§ EXERCISE DIRECTIONS:
Where the line containing "Germany, Mecklenburg-West Pomerania, Poel" appears, start repeating, and continue exactly through the last line below, adding nothing. Include no pictures.

§ DATA EXTRACTS:
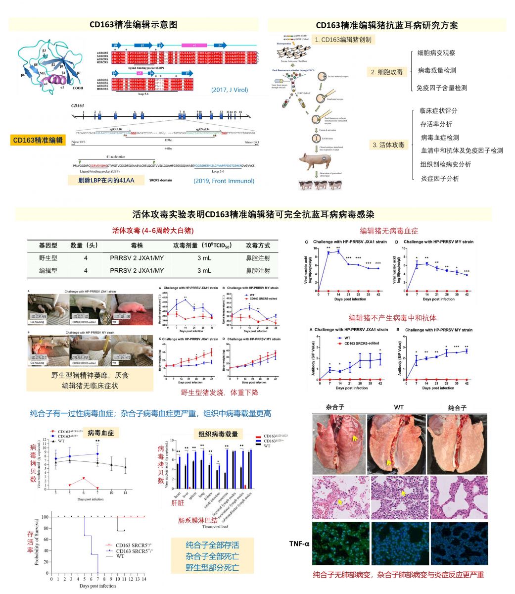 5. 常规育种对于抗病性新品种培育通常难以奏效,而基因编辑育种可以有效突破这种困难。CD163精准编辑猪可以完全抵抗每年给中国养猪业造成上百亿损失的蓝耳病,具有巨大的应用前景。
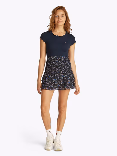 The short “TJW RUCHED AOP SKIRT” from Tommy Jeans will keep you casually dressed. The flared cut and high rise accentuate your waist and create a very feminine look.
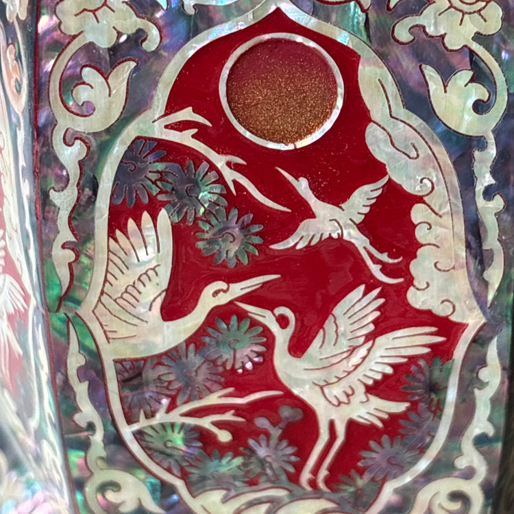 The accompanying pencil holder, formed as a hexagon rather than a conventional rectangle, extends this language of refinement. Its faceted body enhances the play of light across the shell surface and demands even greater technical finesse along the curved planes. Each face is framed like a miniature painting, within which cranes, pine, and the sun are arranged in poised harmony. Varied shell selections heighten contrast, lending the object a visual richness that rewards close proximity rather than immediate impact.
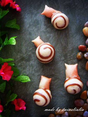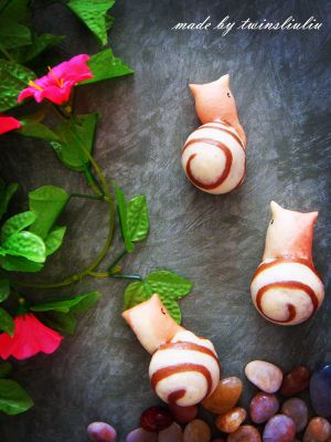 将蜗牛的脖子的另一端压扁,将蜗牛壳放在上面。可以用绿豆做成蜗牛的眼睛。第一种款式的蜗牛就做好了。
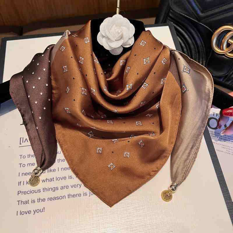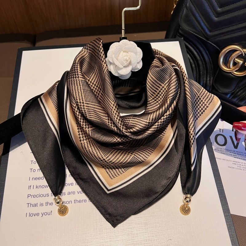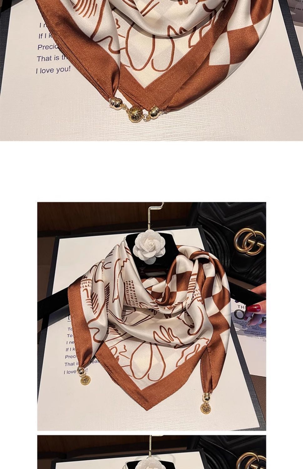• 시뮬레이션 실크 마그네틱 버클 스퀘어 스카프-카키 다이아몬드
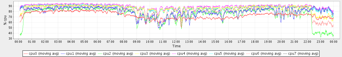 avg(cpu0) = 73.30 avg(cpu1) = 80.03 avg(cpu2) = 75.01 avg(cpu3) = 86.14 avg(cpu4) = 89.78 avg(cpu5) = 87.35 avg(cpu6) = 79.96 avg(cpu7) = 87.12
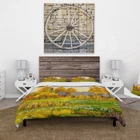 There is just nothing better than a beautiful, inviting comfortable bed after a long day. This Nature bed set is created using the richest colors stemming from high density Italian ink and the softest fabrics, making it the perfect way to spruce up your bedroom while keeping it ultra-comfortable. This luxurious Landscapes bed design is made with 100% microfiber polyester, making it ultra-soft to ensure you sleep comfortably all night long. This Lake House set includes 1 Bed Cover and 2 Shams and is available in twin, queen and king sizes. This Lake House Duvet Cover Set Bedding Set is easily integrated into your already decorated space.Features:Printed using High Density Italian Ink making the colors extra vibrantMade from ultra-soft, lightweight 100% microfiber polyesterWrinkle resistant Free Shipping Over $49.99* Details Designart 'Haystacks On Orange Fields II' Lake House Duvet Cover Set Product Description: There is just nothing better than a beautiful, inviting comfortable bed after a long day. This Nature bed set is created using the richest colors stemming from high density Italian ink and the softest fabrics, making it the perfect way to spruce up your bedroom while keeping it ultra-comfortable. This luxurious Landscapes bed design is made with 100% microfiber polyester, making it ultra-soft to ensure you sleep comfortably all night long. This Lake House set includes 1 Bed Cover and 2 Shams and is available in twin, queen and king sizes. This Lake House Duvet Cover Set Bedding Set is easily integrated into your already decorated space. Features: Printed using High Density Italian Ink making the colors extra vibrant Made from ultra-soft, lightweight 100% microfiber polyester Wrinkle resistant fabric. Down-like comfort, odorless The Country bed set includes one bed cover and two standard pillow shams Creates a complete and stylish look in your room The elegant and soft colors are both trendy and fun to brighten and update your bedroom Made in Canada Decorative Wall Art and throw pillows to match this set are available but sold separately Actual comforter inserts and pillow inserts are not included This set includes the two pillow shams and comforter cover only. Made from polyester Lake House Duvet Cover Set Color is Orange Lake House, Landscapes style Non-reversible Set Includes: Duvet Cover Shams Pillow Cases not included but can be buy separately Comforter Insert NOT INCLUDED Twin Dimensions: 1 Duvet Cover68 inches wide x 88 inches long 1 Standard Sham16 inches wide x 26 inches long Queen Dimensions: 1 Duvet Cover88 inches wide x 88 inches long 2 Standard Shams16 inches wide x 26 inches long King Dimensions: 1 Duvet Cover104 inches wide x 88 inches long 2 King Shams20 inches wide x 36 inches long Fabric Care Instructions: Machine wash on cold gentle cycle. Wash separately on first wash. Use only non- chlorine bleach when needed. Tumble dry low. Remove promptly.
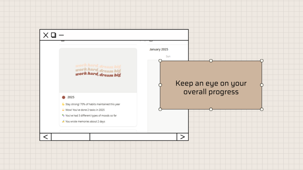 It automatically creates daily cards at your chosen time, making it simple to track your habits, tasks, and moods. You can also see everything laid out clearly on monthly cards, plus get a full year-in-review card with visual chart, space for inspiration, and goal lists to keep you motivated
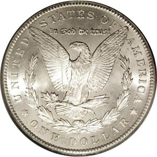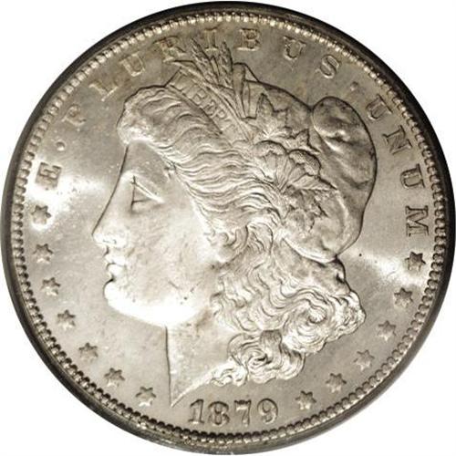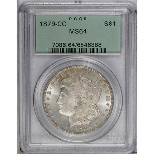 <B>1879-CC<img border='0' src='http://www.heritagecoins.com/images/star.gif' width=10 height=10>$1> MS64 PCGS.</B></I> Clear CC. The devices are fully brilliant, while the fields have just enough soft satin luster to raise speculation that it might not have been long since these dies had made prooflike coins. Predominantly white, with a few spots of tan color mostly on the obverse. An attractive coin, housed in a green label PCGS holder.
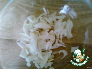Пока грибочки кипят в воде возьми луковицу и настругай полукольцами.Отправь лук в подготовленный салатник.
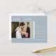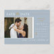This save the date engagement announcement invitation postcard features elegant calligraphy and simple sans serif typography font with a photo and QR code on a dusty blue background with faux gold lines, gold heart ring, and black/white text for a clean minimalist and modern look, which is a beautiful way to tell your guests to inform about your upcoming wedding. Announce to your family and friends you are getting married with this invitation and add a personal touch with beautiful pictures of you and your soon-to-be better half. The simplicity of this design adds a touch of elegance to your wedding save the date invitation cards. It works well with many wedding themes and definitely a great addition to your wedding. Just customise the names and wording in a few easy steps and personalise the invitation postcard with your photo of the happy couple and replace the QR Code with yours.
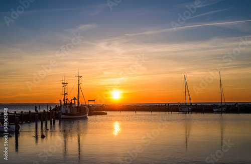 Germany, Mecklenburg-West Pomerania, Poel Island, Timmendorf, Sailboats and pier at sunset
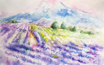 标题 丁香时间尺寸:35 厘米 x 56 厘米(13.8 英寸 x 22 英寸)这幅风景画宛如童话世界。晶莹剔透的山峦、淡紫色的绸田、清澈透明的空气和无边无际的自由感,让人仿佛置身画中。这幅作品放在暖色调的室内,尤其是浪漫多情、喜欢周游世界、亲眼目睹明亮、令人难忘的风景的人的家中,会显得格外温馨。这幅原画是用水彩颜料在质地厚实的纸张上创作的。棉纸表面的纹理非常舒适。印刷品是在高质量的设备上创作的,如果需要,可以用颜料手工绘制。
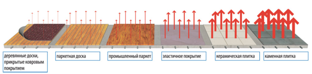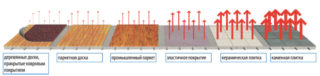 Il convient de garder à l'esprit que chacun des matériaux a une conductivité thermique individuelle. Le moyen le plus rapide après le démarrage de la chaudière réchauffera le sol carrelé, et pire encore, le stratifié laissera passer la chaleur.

§ EXERCISE ANSWER:
 Germany, Mecklenburg-West Pomerania, Poel Island, Timmendorf, Sailboats and pier at sunset
 标题 丁香时间尺寸:35 厘米 x 56 厘米(13.8 英寸 x 22 英寸)这幅风景画宛如童话世界。晶莹剔透的山峦、淡紫色的绸田、清澈透明的空气和无边无际的自由感,让人仿佛置身画中。这幅作品放在暖色调的室内,尤其是浪漫多情、喜欢周游世界、亲眼目睹明亮、令人难忘的风景的人的家中,会显得格外温馨。这幅原画是用水彩颜料在质地厚实的纸张上创作的。棉纸表面的纹理非常舒适。印刷品是在高质量的设备上创作的,如果需要,可以用颜料手工绘制。
 Il convient de garder à l'esprit que chacun des matériaux a une conductivité thermique individuelle. Le moyen le plus rapide après le démarrage de la chaudière réchauffera le sol carrelé, et pire encore, le stratifié laissera passer la chaleur.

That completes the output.